Alice
Sentado no banco de madeira à janela olhei para ti.
Estavas a chorar e eu não conseguia perceber se estavas triste ou zangada comigo. Mas soube imediatamente que estavas a chorar por minha causa.
Senti uma estranha vergonha, como se tivesse feito alguma coisa errada, mas não conseguia lembrar-me...
Desviei o olhar para a janela ao meu lado e pude ver o Inverno lá fora.
Apercebi-me de que tinha café no copo e peguei nele para o levar à boca. Tinha de fazer alguma coisa para quebrar aquela sensação de culpa, mas o estômago não me deixou beber.
Levantei-me num salto. Os ossos das pernas deviam-se ter queixado, mas estranhamente sentia-me mais forte do que nunca. Só as entranhas se continuavam a revoltar contra mim.
Sem saber muito bem que caminho percorrer entre o meu banco de madeira e o sofá onde te tinhas sentado há já algumas horas, caminhei para ti ainda sem a certeza de que te conseguiria perguntar o que te fazia chorar daquela maneira. E de facto não consegui proferir uma palavra sequer. Não tenho a certeza de ter dito o teu nome...
Tinhas nas mãos uma fotografia minha. Aquela que tirei no meu primeiro dia de licença em Ardenne, lembras-te? Acho que nunca me tinha penteado tão bem.
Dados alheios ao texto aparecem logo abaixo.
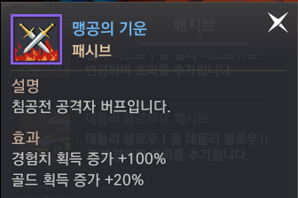 - 맹공의 기운 (서버 침공 유저) : 골드 획득 증가+20%, 경험치 획득 증가 +100%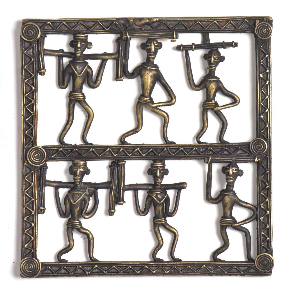 Tribal art wall hanging 6 men holding wood in different ways. This beautiful wall art hanging is made of bronze and is handmade by the skilled craftsmen of India. It can be used for gifting, home decoration etc.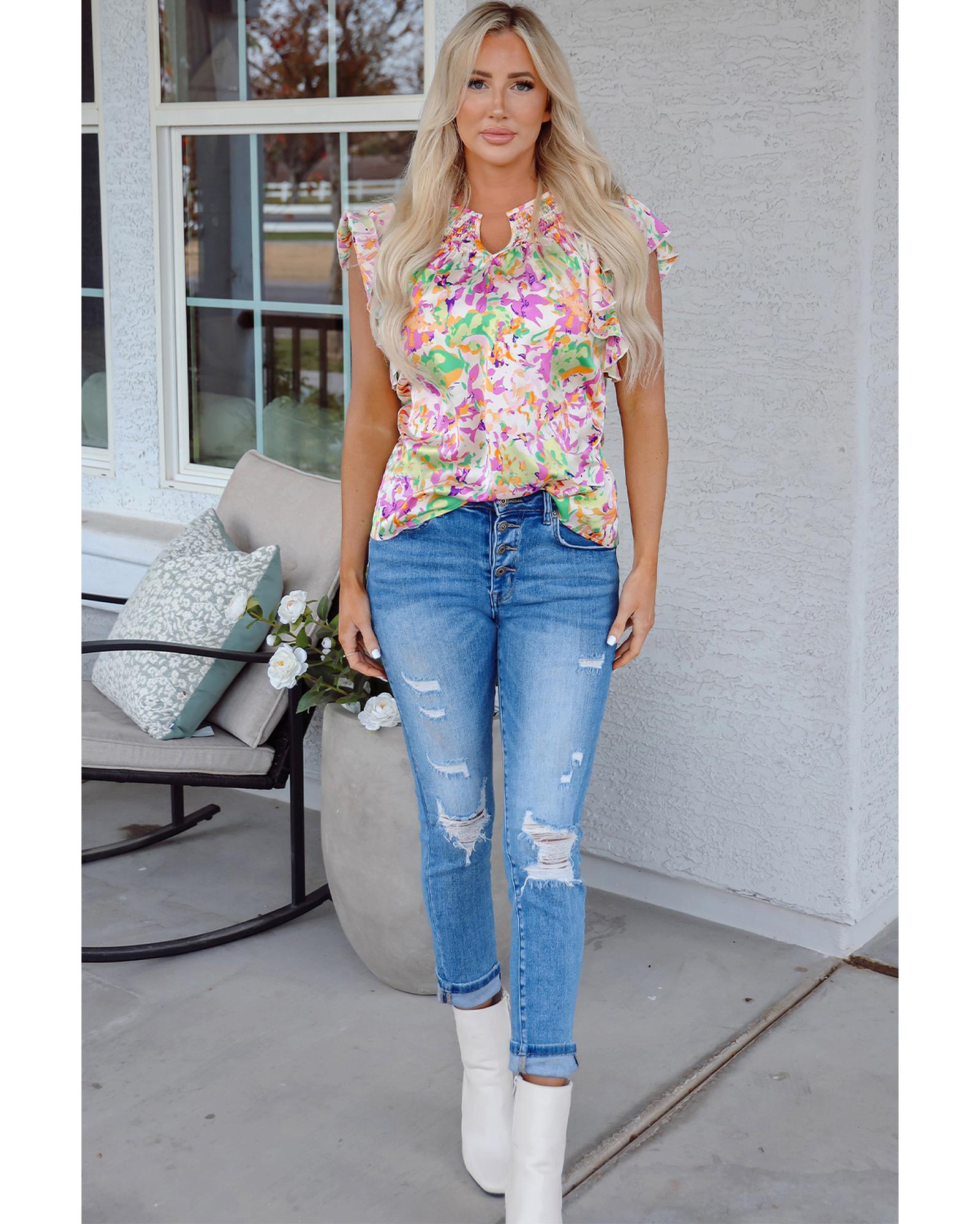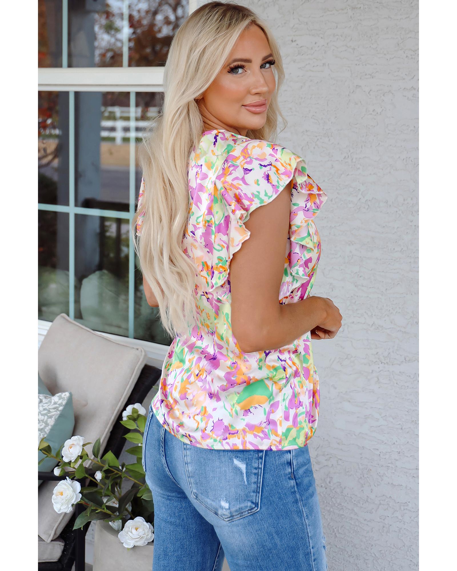 Purple Abstract Printed Ruffled Short Sleeve Notched Neck Blouse – XL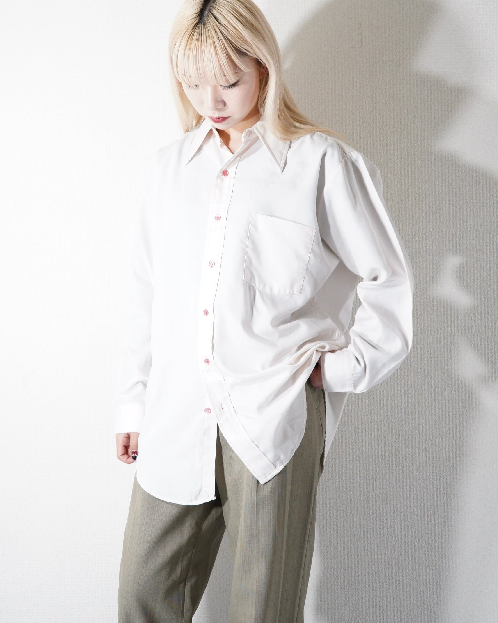 やわらかなペールピンクのシャツ。

Os soldados quando se arranjam para as fotografias ficam sempre com ar de escuteiros, escreveste tu na carta que me enviaste no mesmo dia em que recebeste essa fotografia. Rimo-nos tanto com essa carta.
Falavamos sempre de tudo, e agora não te conseguia sequer perguntar porque choras?.
Pensei em pousar a minha mão nas tuas, no teu colo, mas faltaram-me as forças.
Tinha-te magoado, isso era certo. Tinha-te feito um mal irreparável.
Nunca me tinha sentido tão desconfortável.
Pensei que talvez fosse melhor sair de casa, apanhar ar fresco.
O Inverno que tinha visto da nossa janela era um dos mais rigorosos de que havia memória, mas algo mais forte do que eu tinha-me agarrado pelo cobertor sobre os meus ombros e me arrastava agora lá para fora.
Achei por bem sair, então.
Assim que cheguei à porta e olhei novamente para ti, tive a sensação de que nunca te voltaria a ver. E senti uma dor tão forte no coração que parecia até que tinha parado de bater. E essa sensação rapidamente se transformou na certeza mais amarga que alguma vez tinha tido.
Nunca mais te ia ver e de repente nada fazia sentido. Como é que podias estar ali a chorar, obviamente por minha culpa, e eu não conseguia sequer dizer o teu nome? Um nome que me tinha acompanhado a maior parte da vida, que me tinha dado tantas alegrias, que eu tinha tanto orgulho em dizê-lo a toda a gente, a minha Alice.
A confusão fez-se certeza e eu saí de uma vez por todas.
Estranhamente não sentia frio nenhum. Aliás não sentia nada, nem a neve debaixo dos meus pés. Não sentia o vento...
Devo ter caminhado uns quantos metros, o suficiente para deixar de ver a casa, quando me deparei com o meu corpo congelado, meio enterrado na neve. A garganta cortada e a navalha de barbeiro do meu pai ainda na minha mão.
E a neve tão vermelha...
5 Comments:
At 14:57, Anónimo said…
Estava preso
Na minha garganta
Aquele grito
Que mil vezes repito
Num silêncio ileso
De um som coeso
Que a minha voz não canta.
Queria dizer-te
Mas não tive CORAGEM.
Não consegui
Pintar a imagem,
Olhar-te e descrever-te.
Perdi-me nessa viagem
Onde me esqueci
Por me tentar lembrar de ti.
Agora trago
Esta dor
Este sabor amargo
Que na minha alma se levanta
Como um peso.
E não fui capaz de dizer AMOR
Nesse grito
Em que já não acredito
E que estava preso
Na minha garganta.
At 15:16, baba said…
Eu grito SEMPRE muito alto AMOR!!!!!
Sempre!
At 16:12, Anónimo said…
DAQUI NÃO SE OUVE NADA!!!
At 18:01, baba said…
Ah, mas grito ao ouvido. E poucos são os eleitos! : )
At 12:30, Anónimo said…
É bom sentir, espreitar, as sensações vindas do outro lado. É bom, gosto, de perceber que esse lado existe e continua a "mexer". A não ser assim... fará sentido?!? Provavelmente, este comentário não fará sentido mas apenas queria dizer-te que gostei muito do texto, além do amor, além da Alice, além do choro e do nome.
É bom saber que o outro lado está e eu por cá morro de saudade e nem é preciso perguntar porque choro.